しかし、友達と遊びに行くっと言っても相手は一之瀬だ。これは、噂に聞く、放課後デートってやつだろうか。男女が遊びに行く事象をデートと呼ぶならば、これもそう呼んでもいいのではないか?いや、やめよう。俺一人で勝手に盛り上がっても恥ずかしいだけだし、一之瀬にも迷惑だろう。
俺がそんなことを考えていると、下駄箱に少しずつ人が集まってくる。すると、
「やあ、八剣君、今帰り?」
そんな爽やかな声が聞こえてくる。Dクラスの代表とも言える存在、平田洋介だ。
「まぁな、平田も帰りか?」
「いや、僕はこれから部活だよ。サッカー。」
そう言えば自己紹介でサッカーが好きで、この学校でもサッカーするって言ってたな。
「そうか、大変だな。」
「そうでもないよ、確かに練習はキツくて、疲れるけど、それ以上に楽しいからね。
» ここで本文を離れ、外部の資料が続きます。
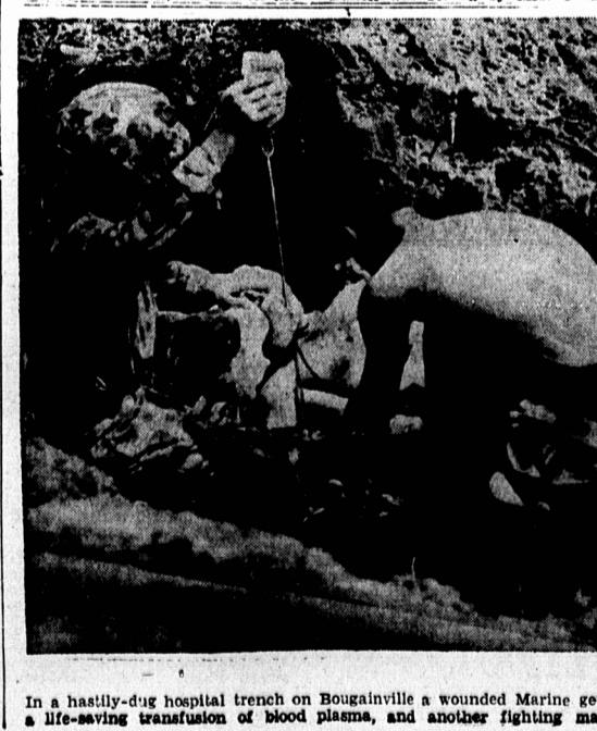
In a hastily-dug hospital trench on Bougainville a wounded Marine gets a life-saving transfusion of blood plasma, and another fighting man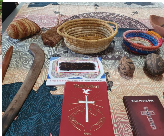
Items displayed in the hall on Aboriginal Sunday.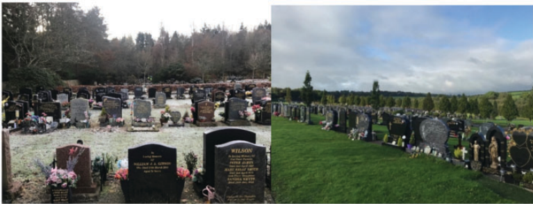
Figures 4–5. Examples of cemeteries in Ireland and Scotland. From left to right: photos from Birkhill cemetery in Dundee; St James’ cemetery in Cork.

As places of mourning, bereavement, and consolation, cemeteries and crematoria gardens accommodate personal as well as social and environmental functions (Jedan et al., 2019). The meaning of the individual/private grave, and how it is shaped and decorated, is of importance for mourning and remembrance (Pettersson & Wingren, 2011). Further, interactions with ‘deathscapes’ are not just experienced through the materiality of physical spaces, but also and at the same time through embodied-psychological experience and various forms of virtual space, including both digital spaces and arenas of belief and belonging, such as idea of ‘heaven’ (Maddrell, 2016). This embodied experience of loss, mourning, and consolation is also frequently reflected in a sense of a continuing bond with, and/or responsibility to, the dead (Klass et al., 1996; Klass & Steffen, 2018). This highlights the complexity of emotional-affective environments, particularly those connected to the disposition of the dead, mourning, and remembrance, and how this is culturally inflected. This in turn demonstrates the social and cultural significance of cemeteries and crematoria gardens, and the importance of their organisation and management, including their diversity-readiness .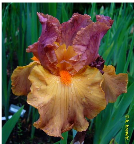
1 st choice: TB – 'Earthborn'

The second placed iris, 'Champagne Elegance', is an historic iris from 1986. People noticed the pale pink colouring in the standards which nicely accented the soft apricot-coloured falls.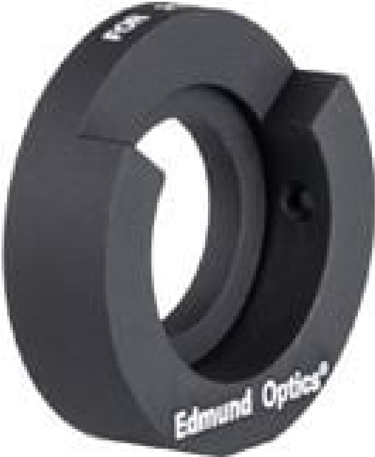
Iris Mount for 21mm Outer Diameter Irises, #54-862

友達や、先輩も優しいし」
「そうか、じゃあよかった。」
「八剣君は部活入らないの?」
「ああ、今のとこ考えてない。」
「そうなんだ、この前の水泳すごかったよ。クラスでも話題になってたんだ。」
「そうか、まぁ、水泳は得意だからな」
「そうなんだ。それで、最近どうかな?友達とか、クラスは」
「普通じゃないか?俺も綾小路たちと仲良くやってるし」
「そっか、ならいいんだ。今度、一緒に昼ごはんでもどうだい?」
「ああ、いいぞ。また誘ってくれ」
「うん、あ、引き留めてごめん。また明日学校で」
「おう。じゃあな」
そう言って平田は去って行った。
平田は俺がクラスに馴染めきれてないと感じて話しかけてきたのだろうか。そういうことは、本来教師の仕事だと思うが、平田としてはクラスで誰かが浮く、みたいな状況は避けたいということか。高円寺はすでに浮いているっちゃ浮いているが、あいつはそういうタイプじゃないしな。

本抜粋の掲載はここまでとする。